The main Java class in the SE is named SimilarityEngine; it does the computation of the similarity of a collection of items (training examples) to a specified target (query instance). The SimilarityEngine's only method is computeSimilarity(), as shown in Listing 2; it takes instances of the object's Items, SimilarityCriteria, and SimilarityWeights as its argument. This method is the main computation method for the Selection Engine, which is overloaded. A fourth argument of a DataSetStatistics object is the four argument version. The Item object has a collection of Traits, and the Items collection has a link to the metadata collection TraitDescriptors. (Click here for: Class Hierarchy and Diagram).
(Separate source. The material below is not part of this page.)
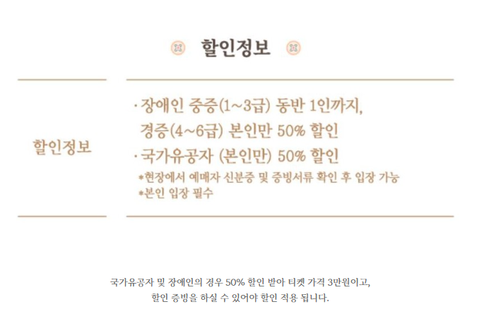 국가 유공자 및 장애인의 경우 50%할인받아 티켓 가격이 3만원이고 할인증빙을 하실 수 있어야 할인적용됩니다.

Items is a collection of Item objects, which is basically a standard collection. Item's attributes are defined at run time rather than compile time. Also, Item contains a Traits collection, which contains several Trait objects. A Trait object is just a "name/value" pair. TraitDescriptors represents metadata and it is a collection of TraitDescriptor objects. Each Item object will have one TraitDescriptor. A TraitDescriptor is also just a "name/value" pair. The SE recognizes primitive datatypes such as integers, floating-point numbers, strings, and boolean values.

Page 2 of 5

This article was originally published on October 31, 2002

Enterprise Development Update

Don't miss an article. Subscribe to our newsletter below.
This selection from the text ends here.